Mientras la esperanza cristiana es apertura y voluntad de buscar el sentido a “la vida como venga”, como le gusta decir al Papa Francisco, el optimismo secular, o el «piadoso», solo intentan manipular la vida (o a Dios). Solo intentan mantenernos atrapados en nuestros pequeños planes y ambiciones, en nuestras ideas sobre lo que es bueno y justo, en esa presunción insensata de que nosotros siempre sabemos lo que es mejor. Estos dolorosos días exigen ser muy claros y valientes especialmente para rechazar el “optimismo religioso”. Con él se pretende desplazar la fe en Dios nuestro Padre hacia fáciles respuestas “devotas” que no se encuentran en ninguna palabra del Evangelio.

Atravesar las dificultades

Jesús no nos enseña a disfrazar las crisis ni a retroceder o huir ante ellas, mucho menos a aterrarnos ante el dolor o el sufrimiento.
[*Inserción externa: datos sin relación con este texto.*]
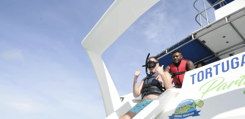 Party boat. Get the true Caribbean feeling with this incredible 3-hour trip. We go up directly from the beach, sail along the beautiful coast of Bávaro until we reach a natural reef for snorkeling, then sail towards the famous natural pool. Have a drink in waist-deep warm water and have a lot of fun. Drinks, music, everything included! Then we go to the natural pool to enjoy a pleasant swim in calm waters with national drinks and snacks included. Barco de fiesta. Consigue la verdadera sensación caribeña con este increíble viaje de 3 horas. Subimos directamente desde la playa, navegamos a lo largo de la hermosa costa de Bávaro hasta llegar a un arrecife natural para bucear, luego navegamos hacia la famosa piscina natural. Tómate una copa en aguas cálidas en la cintura y diviértete mucho. ¡Bebidas, música, todo incluido! Luego vamos a la piscina natural para disfrutar de un agradable baño en aguas tranquilas con bebidas nacionales y aperitivos incluidos.
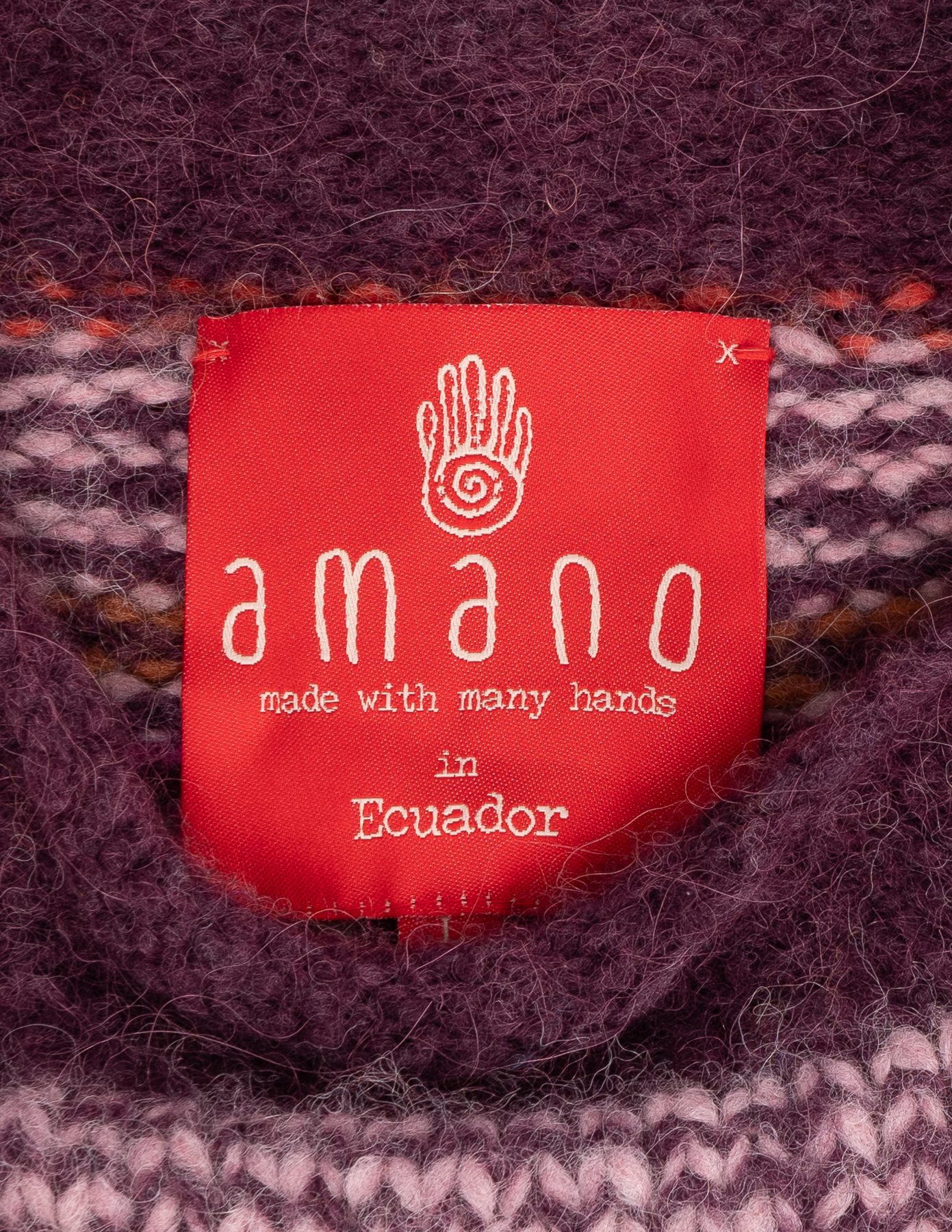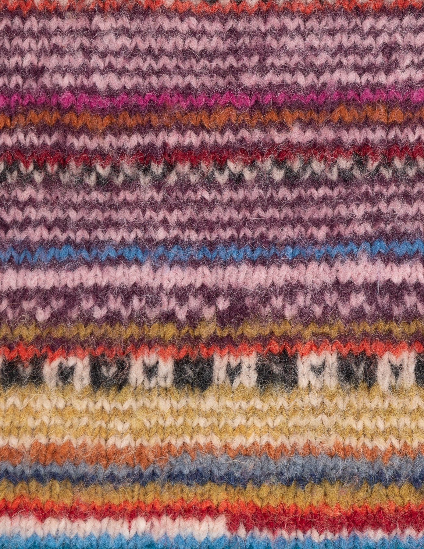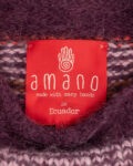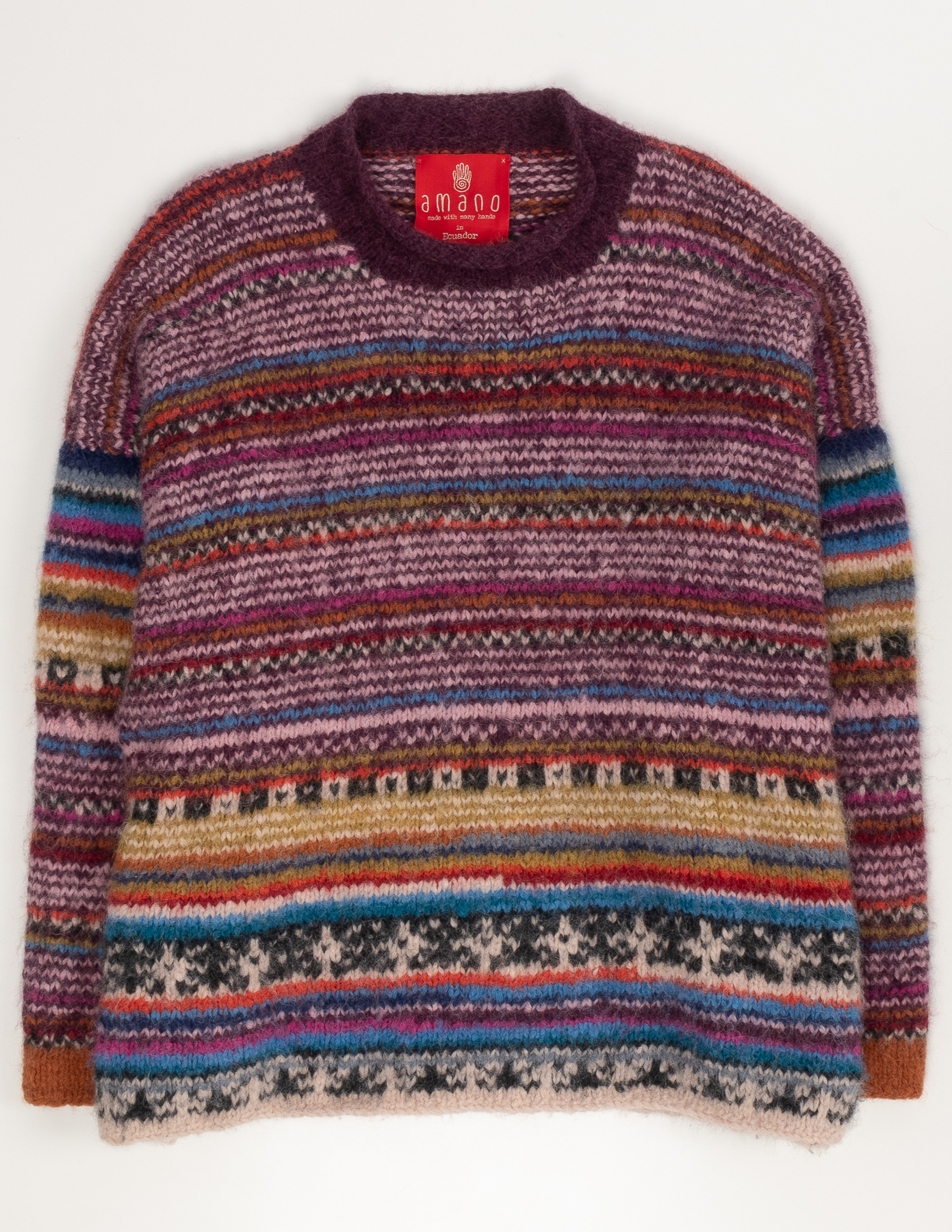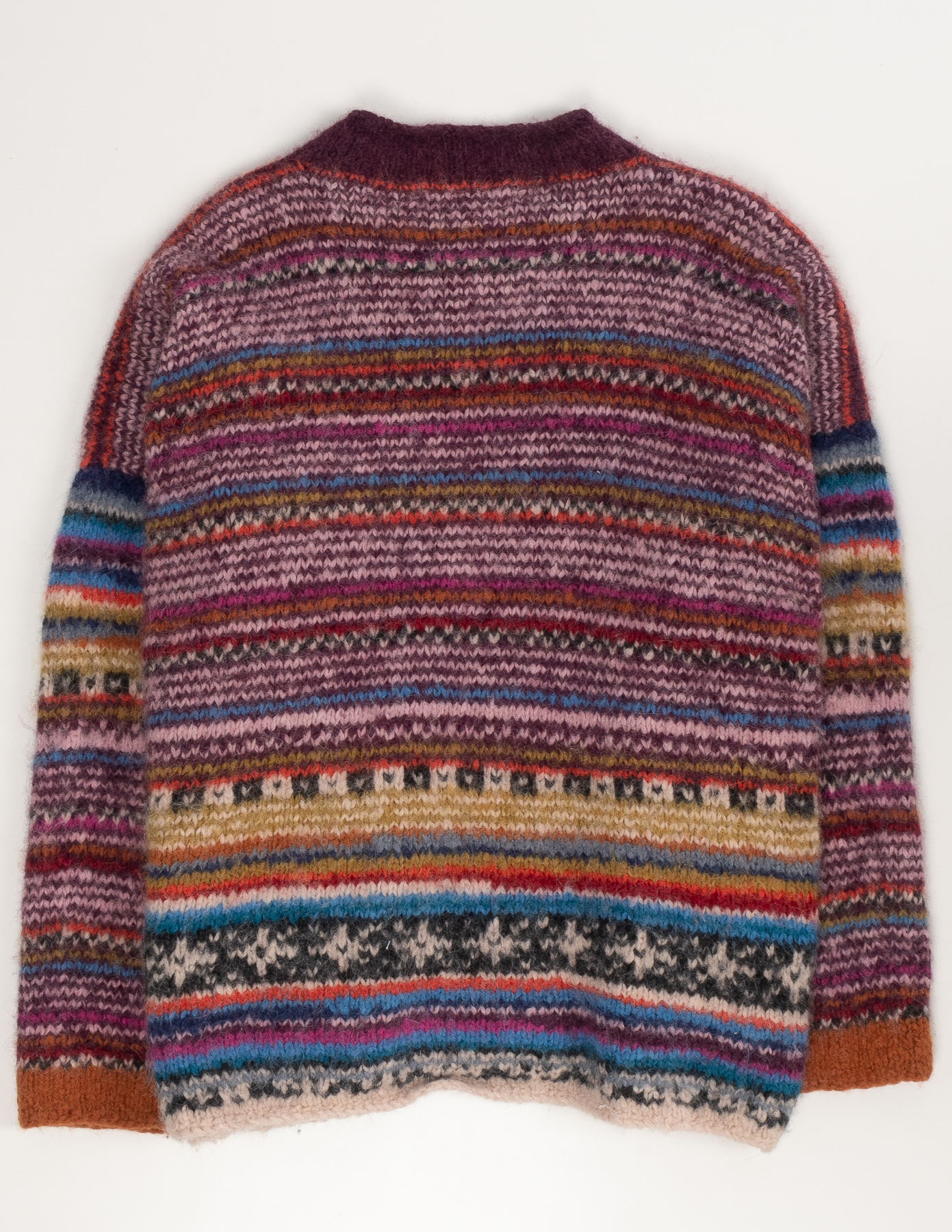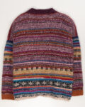 Связан вручную из пряжи с содержанием 79% baby-альпаки — мягкой, пушистой и тёплой на ощупь. Многоцветный орнамент в этно-стиле выполнен в приглушённой палитре с акцентами бордо, синего и охры. Свободная посадка oversize с широкими плечами и расслабленной линией силуэта.

Él con sus palabras y su vida nos enseña a atravesar honestamente y con valentía las dificultades, a vivirlas hasta el final, hasta el extremo de invitarnos a compartir con él la experiencia definitiva: “Dios mío, Dios mío ¿por qué me has abandonado?”. Animar a esa actitud ante la vida, no esquivar las crisis, cargar con la propia cruz, es una de las aportaciones más valiosas del cristianismo a la historia de la humanidad. Nuestra fe no es en primer lugar un catecismo que actúa como una vacuna contra el sufrimiento, sino un camino; el camino del seguimiento de Aquel que no esquivó la oscuridad del Viernes Santo ni el “descenso a los infiernos”.

Quizás estos días de Getsemaní que estamos atravesando sean una extraordinaria oportunidad para ser más maduros y adultos en la fe, para convertir el misterio de la Pascua, que celebramos en cada eucaristía, en la auténtica clave que nos permita una nueva comprensión de nuestra vida y nuestro destino de hijos de Dios.

¿Por qué tenemos tanto miedo? ¿No nos habla Dios a través de estos hechos como nos habló mediante el relato que recordamos cada Semana Santa? ¿Por qué no abandonar los optimismos para abrazar la esperanza? Como nos recuerda San Pablo: “¿Quién nos separará del amor de Cristo? ¿la tribulación?, ¿la angustia?, ¿la persecución?, ¿el hambre?, ¿la desnudez?, ¿los peligros?, ¿la espada? … en todo esto salimos vencedores gracias a aquel que nos amó.” (Rm 8,35).